[Stored records]

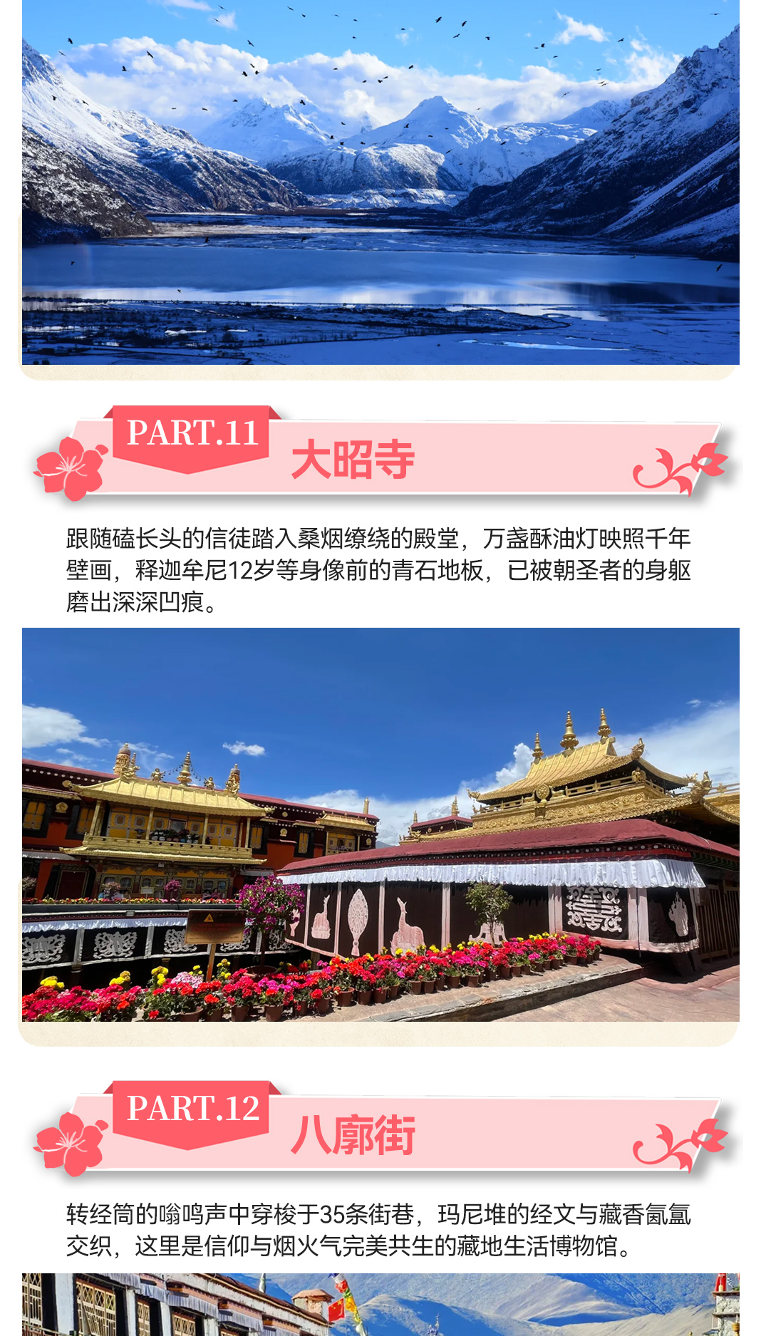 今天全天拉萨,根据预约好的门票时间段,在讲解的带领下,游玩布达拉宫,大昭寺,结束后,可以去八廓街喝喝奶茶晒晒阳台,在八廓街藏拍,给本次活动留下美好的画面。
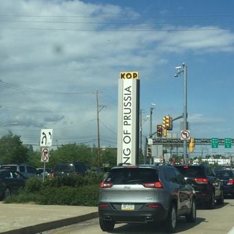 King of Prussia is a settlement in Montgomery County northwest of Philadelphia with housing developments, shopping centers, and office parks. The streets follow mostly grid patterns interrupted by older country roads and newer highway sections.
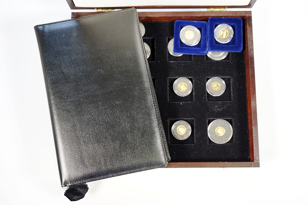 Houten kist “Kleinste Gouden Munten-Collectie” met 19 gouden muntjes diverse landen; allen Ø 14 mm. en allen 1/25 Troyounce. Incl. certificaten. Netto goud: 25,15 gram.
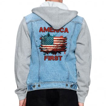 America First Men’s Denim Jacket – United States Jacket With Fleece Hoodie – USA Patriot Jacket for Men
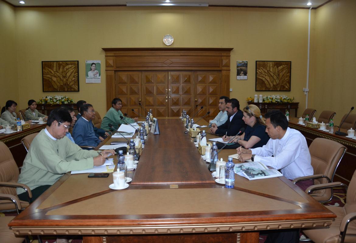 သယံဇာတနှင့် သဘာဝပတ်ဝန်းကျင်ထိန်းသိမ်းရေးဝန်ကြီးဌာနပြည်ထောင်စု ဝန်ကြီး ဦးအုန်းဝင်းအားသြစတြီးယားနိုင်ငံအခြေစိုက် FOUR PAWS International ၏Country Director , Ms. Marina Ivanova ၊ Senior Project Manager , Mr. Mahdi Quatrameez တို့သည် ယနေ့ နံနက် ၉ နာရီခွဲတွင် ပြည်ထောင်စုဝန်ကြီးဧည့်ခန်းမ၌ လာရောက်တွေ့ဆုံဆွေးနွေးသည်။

# ABOUT THIS EXERCISE
Restate the records above word for word. Skip every picture.

# TASK OUTPUT
 今天全天拉萨,根据预约好的门票时间段,在讲解的带领下,游玩布达拉宫,大昭寺,结束后,可以去八廓街喝喝奶茶晒晒阳台,在八廓街藏拍,给本次活动留下美好的画面。
 King of Prussia is a settlement in Montgomery County northwest of Philadelphia with housing developments, shopping centers, and office parks. The streets follow mostly grid patterns interrupted by older country roads and newer highway sections.
 Houten kist “Kleinste Gouden Munten-Collectie” met 19 gouden muntjes diverse landen; allen Ø 14 mm. en allen 1/25 Troyounce. Incl. certificaten. Netto goud: 25,15 gram.
 America First Men’s Denim Jacket – United States Jacket With Fleece Hoodie – USA Patriot Jacket for Men
 သယံဇာတနှင့် သဘာဝပတ်ဝန်းကျင်ထိန်းသိမ်းရေးဝန်ကြီးဌာနပြည်ထောင်စု ဝန်ကြီး ဦးအုန်းဝင်းအားသြစတြီးယားနိုင်ငံအခြေစိုက် FOUR PAWS International ၏Country Director , Ms. Marina Ivanova ၊ Senior Project Manager , Mr. Mahdi Quatrameez တို့သည် ယနေ့ နံနက် ၉ နာရီခွဲတွင် ပြည်ထောင်စုဝန်ကြီးဧည့်ခန်းမ၌ လာရောက်တွေ့ဆုံဆွေးနွေးသည်။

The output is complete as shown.